Integrating cellular automata and discrete global grid systems: a case study into wildfire modelling
Keywords: DGGS, Discrete Global Grid System, Cellular Automaton, Wildfire
Abstract. With new forms of digital spatial data driving new applications for monitoring and understanding environmental change, there are growing demands on traditional GIS tools for spatial data storage, management and processing. Discrete Global Grid System (DGGS) are methods to tessellate globe into multiresolution grids, which represent a global spatial fabric capable of storing heterogeneous spatial data, and improved performance in data access, retrieval, and analysis. While DGGS-based GIS may hold potential for next-generation big data GIS platforms, few of studies have tried to implement them as a framework for operational spatial analysis. Cellular Automata (CA) is a classic dynamic modeling framework which has been used with traditional raster data model for various environmental modeling such as wildfire modeling, urban expansion modeling and so on.
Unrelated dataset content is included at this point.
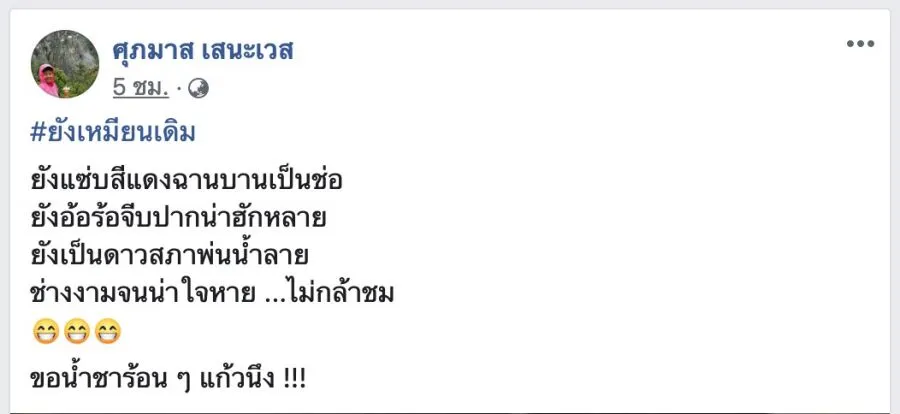 #ยังเหมียนเดิม ยังแซ่บสีแดงฉานบานเป็นช่อ ยังอ้อร้อจีบปากน่าฮักหลาย ยังเป็นดาวสภาพ่นน้ำลาย ช่างงามจนน่าใจหาย …ไม่กล้าชม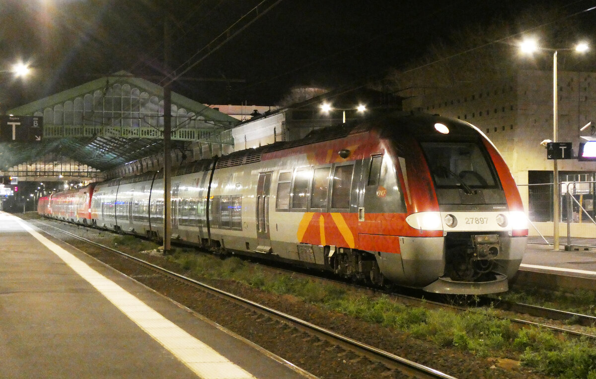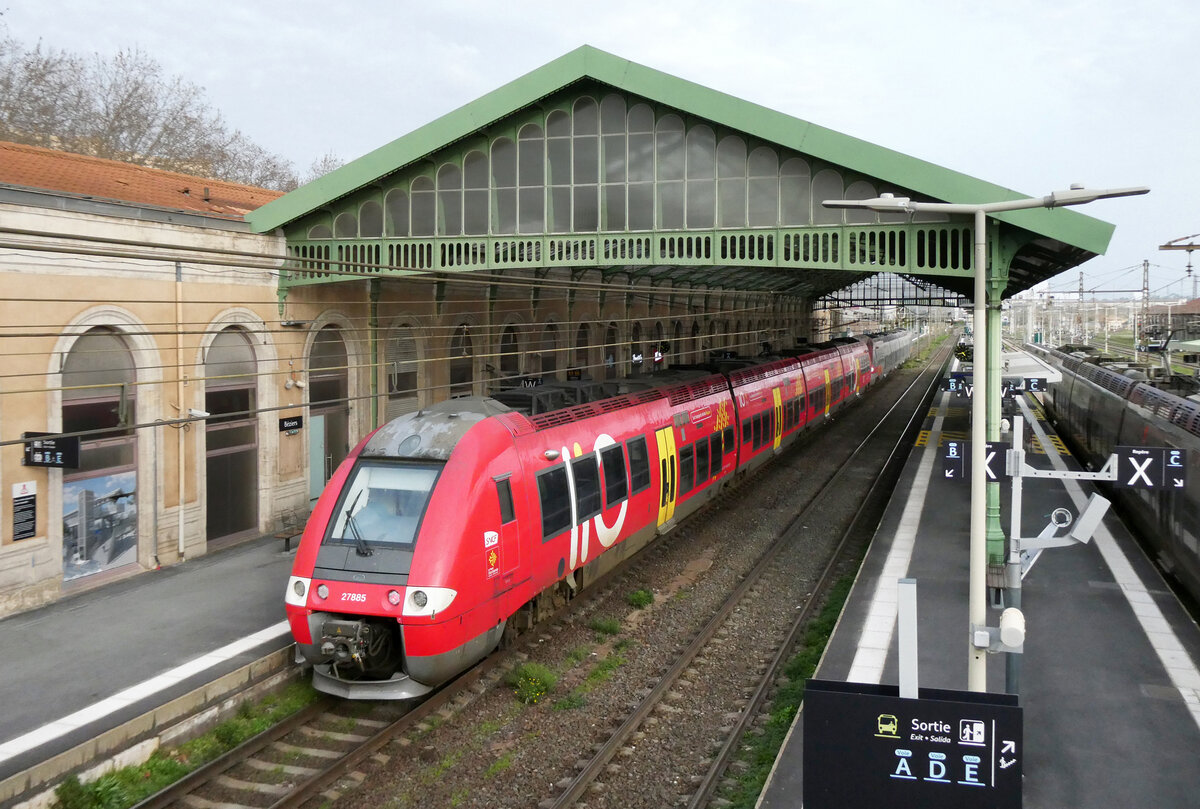 Triebzug 27897 hält als TER in Richtung Sète ...

The main objectives of this paper are to (i) investigate the possibility of using DGGS for running dynamic spatial analysis, (ii) evaluate CA as a generic data model for dynamic phenomena modeling within a DGGS data model and (iii) evaluate an in-database approach for CA modelling. To do so, a case study into wildfire spread modelling is developed. Results demonstrate that using a DGGS data model not only provides the ability to integrate different data sources, but also provides a framework to do spatial analysis without using geometry-based analysis. This results in a simplified architecture and common spatial fabric to support development of a wide array of spatial algorithms. While considerable work remains to be done, CA modelling within a DGGS-based GIS is a robust and flexible modelling framework for big-data GIS analysis in an environmental monitoring context.